If you look at the last two solution test definitions in `tests\test_excel_integration.py`, you will see they have a couple of extra arguments:
 * `scenario_skip`: if present, an array of scenario indices to skip over
 * `test_skip`: if present, an array of strings that should match the descriptions of tests to skip
 * `test_only`: if present, an array of strings such that _only_ tests whose description matches one of them will be executed.
 
 So for example, you could skip the second scenario, and only do the 'First Cost' and 'Operating Cost' tests, but skip the first 'First Cost' test, with the following:

In [None]:
tei.test_WaveAndTidal_RRS(scenario_skip=[1], test_only=['First Cost', 'Operating Cost'], test_skip=['C37:C82'] )

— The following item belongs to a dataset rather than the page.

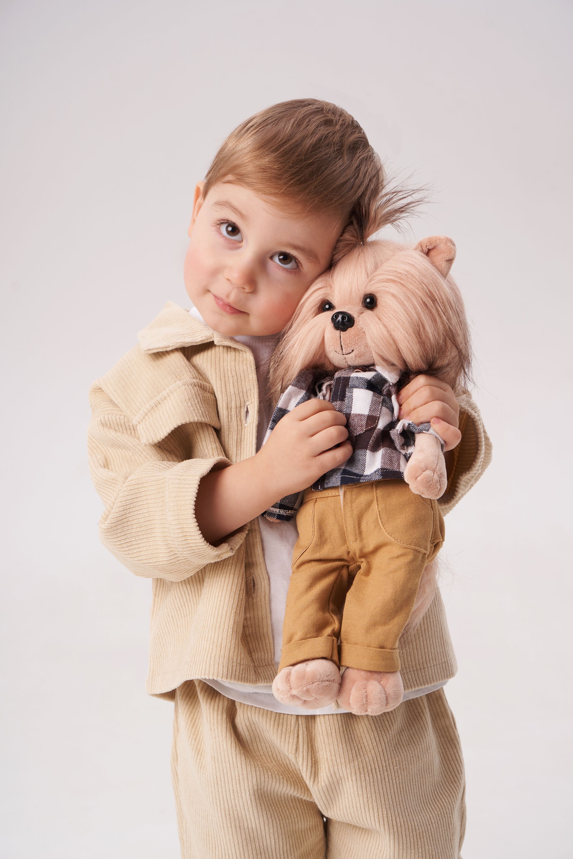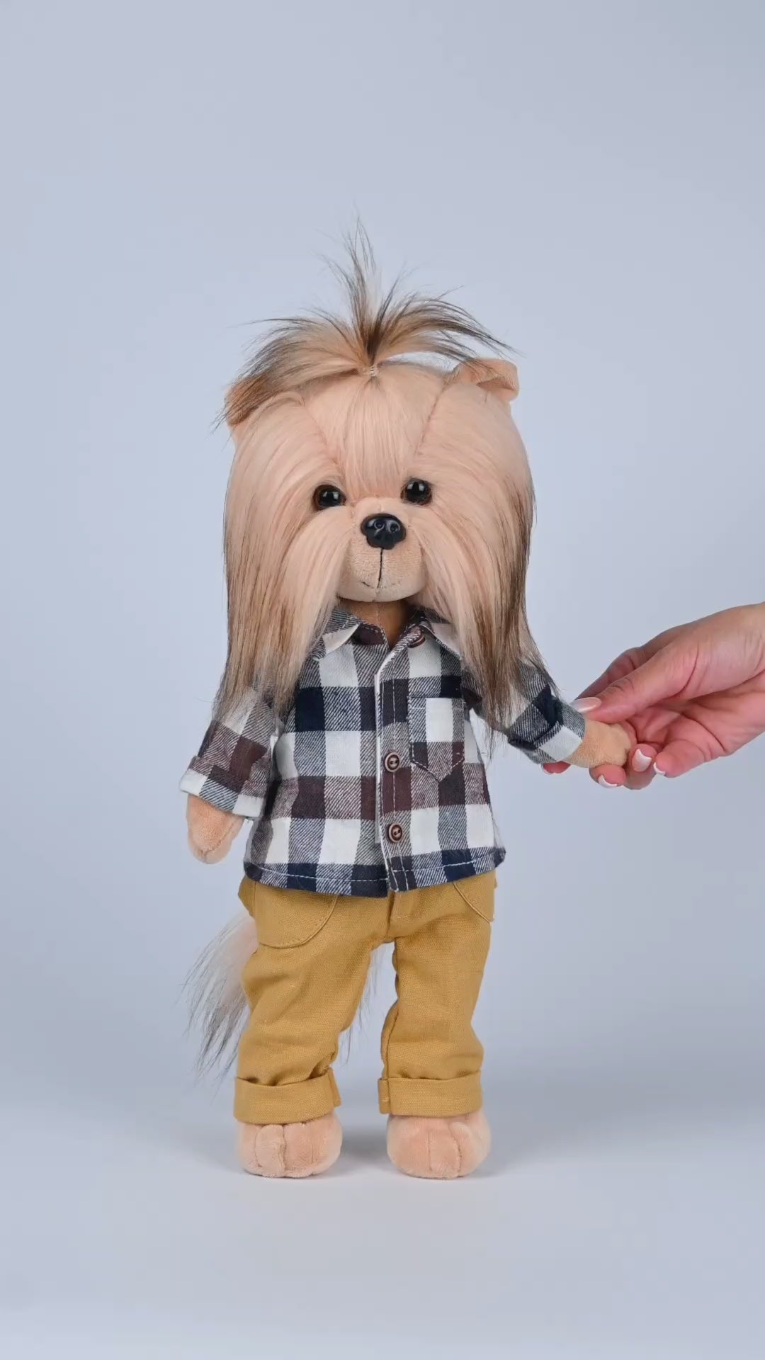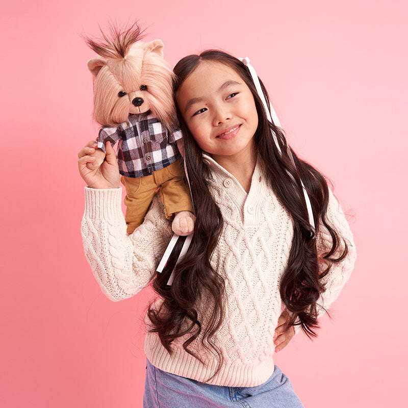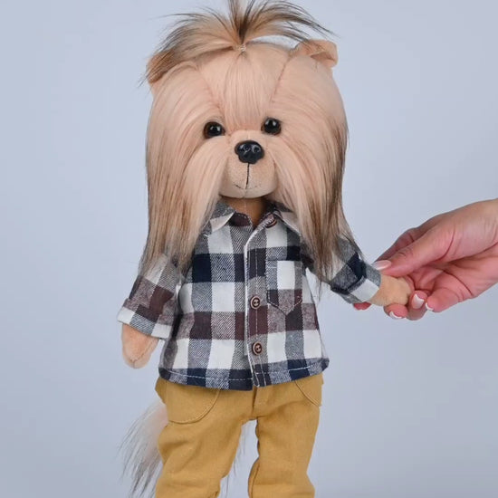 Întâmpină-l pe Lucky Andy, cel mai cool cățeluș din colecția Lucky Doggy! Cu un look casual și expresiv, Andy îmbină rafinamentul cu distracția într-o manieră unică. Îmbrăcat într-o cămașă în carouri în nuanțe naturale și blugi comozi, stilul său urban este completat de un păr bogat, prins într-un moț jucăuș.

Copy from one of those last two tests and you will be able to control your testing without having to resort to hacks like commenting out tests.


# Tips

## Don't forget to restart the Jupyter Notebook kernel if you have modified code

If you change code you need to either reload the library (the 3nd cell of this notebook) or restart the kernel.

## When comparing to Excel, make sure you've loaded the right Scenario

On the `ScenarioRecord` tab, cell `B9` shows the currently loaded scenario.  When a workbook is first opened, this is usally empty, meaning you don't know which
scenario was last loaded.  Select the scenario you are debugging against from the dropdown, and click on 'Load Scenario'.

## Beautifier for Excel Formulas

Are you looking at an excel formula with five nested `IF(...` expressions?  Try [https://www.excelformulabeautifier.com/](https://www.excelformulabeautifier.com/).  You're welcome.

# You Finished!
Did you get a clean test run?  Hurrah!  You've finished this import task.  Project Drawdown thanks you!